Have a studio on hold...  trying to decide several things.  Anyone know how large the studio units are?  There is one review on TUG but reviews on other sites have mixed reviews.  Has anyone stayed there?  This resort is close to Perugia.  I'm debating whether or not a studio is worth an exchange or just renting somewhere for 70-90 Euro would be a better value.  

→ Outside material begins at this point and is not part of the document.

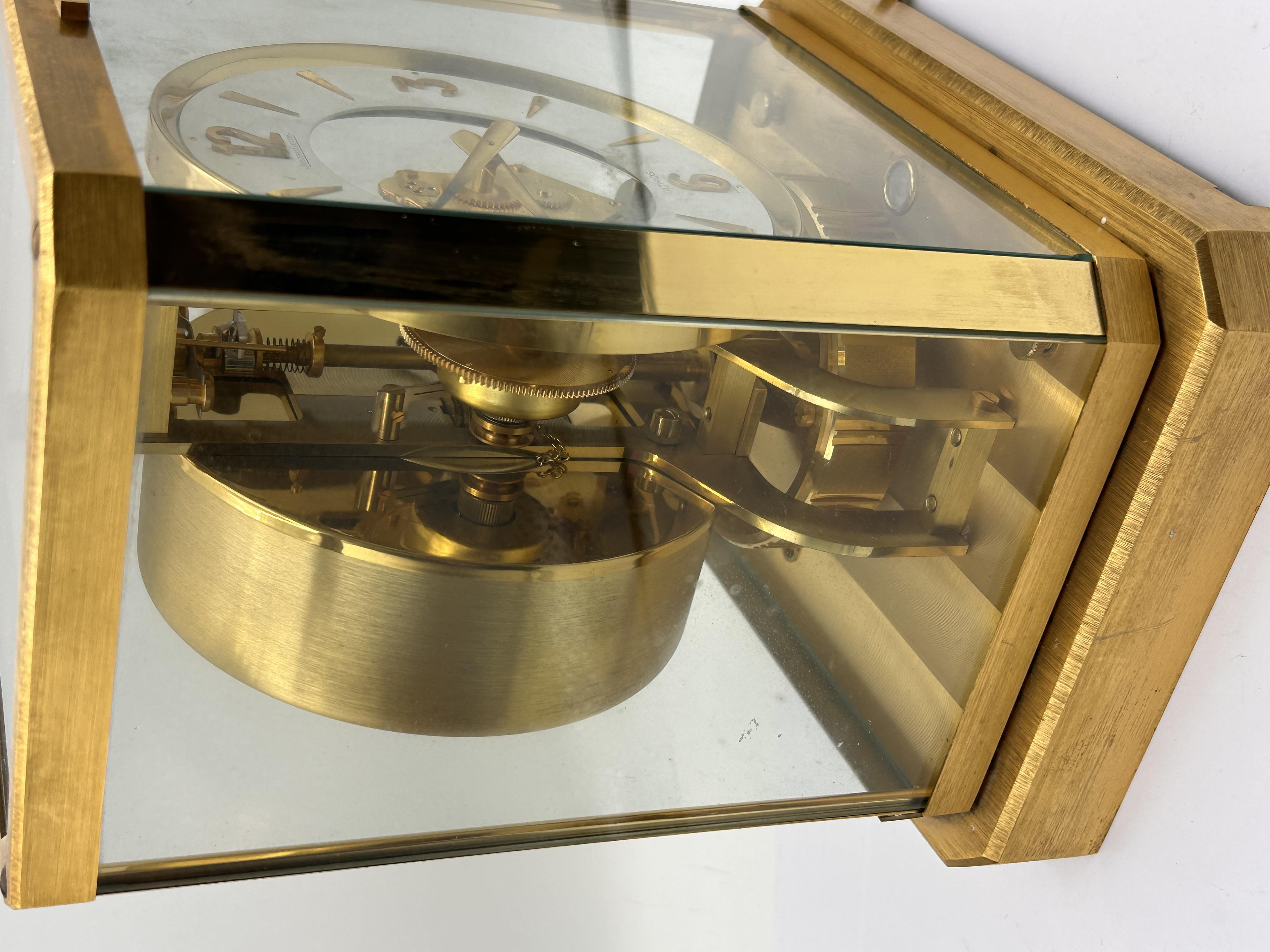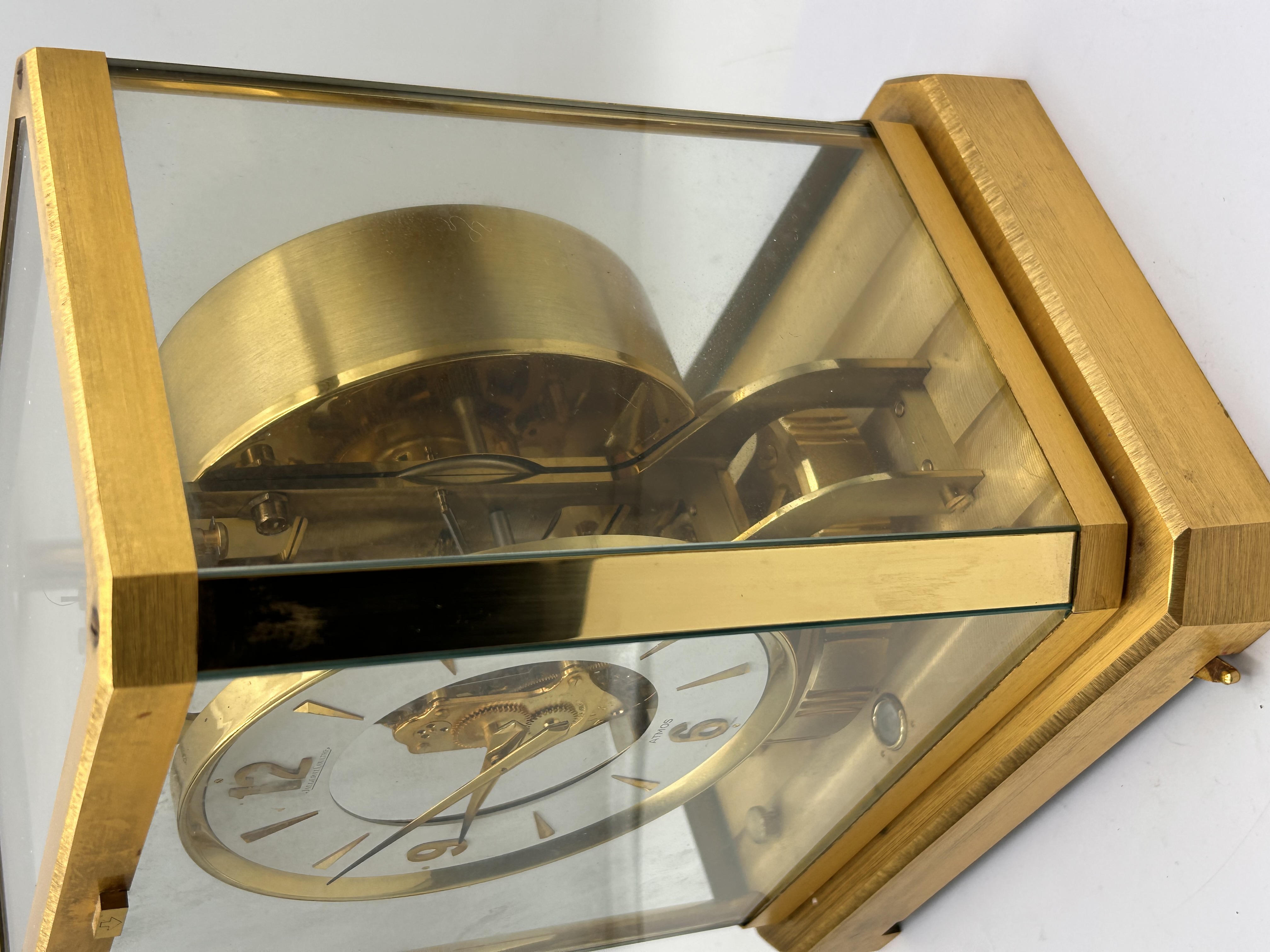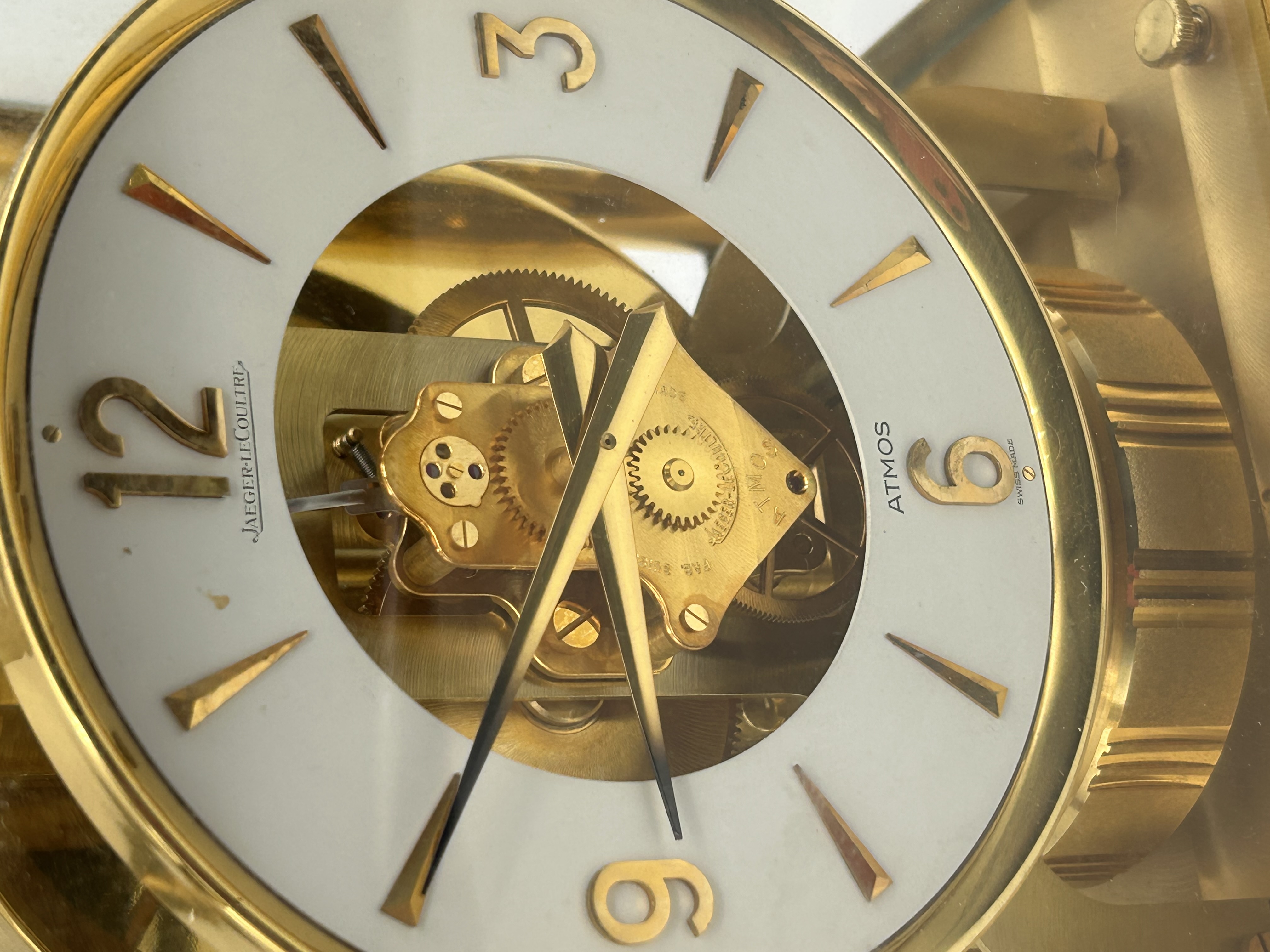 A single Jaeger-LeCoultre Atmos mantel clock. The clock is housed in a rectangular case constructed from polished and brushed gold-toned metal framing and five clear glass panels, allowing visibility of the movement. The mechanism is driven by the Atmos system, utilizing changes in atmospheric temperature and pressure. The clock features a round white dial with a skeletonized center revealing the brass movement and gearing. The time is indicated by applied gold-toned baton indices and Arabic numerals at the quarter hours (3, 6, 9, 12). The dial is inscribed JAEGER-LECOULTRE above the center and ATMOS / SWISS MADE below the six position. A large, horizontal, cylindrical torsion balance wheel is visible behind the dial, characteristic of the Atmos design.

The main thing I'm trying to decide is if 2 weeks in the Umbria region is too long?  We just went to Greece and found that 1 week in Crete was definitely not long enough.  Didn't give us enough time to "relax".  We felt we were constantly on the go...so I was thinking maybe 2 weeks would give us a good mix of sightseeing and relaxing.


----------



## mav (Dec 6, 2010)

I stayed here in 2007 in a 1 bedroom upstairs unit. It had nice views, was clean, and the staff was very pleasant.  Can't say what the studios would be like, but we were on a 6 week trip and arrived about 2pm. They showed us 2  one bedroom units and said we could pick the one we wanted.  Because it is Europe, the unit was missing a lot of things we are used to. I honestly don't remember if it even had a microwave. BUT the unit was clean and bright!  And I did not go to Italy to cook.  I would suggest calling RCI and ask if there is a unit # listed. If so, ask for ANY notes they have on that particular unit like square footage, etc.
   BTW, I stayed at Il Poggio also on that trip and did NOT like it. Go figure since others TUG members have stayed there and did.


----------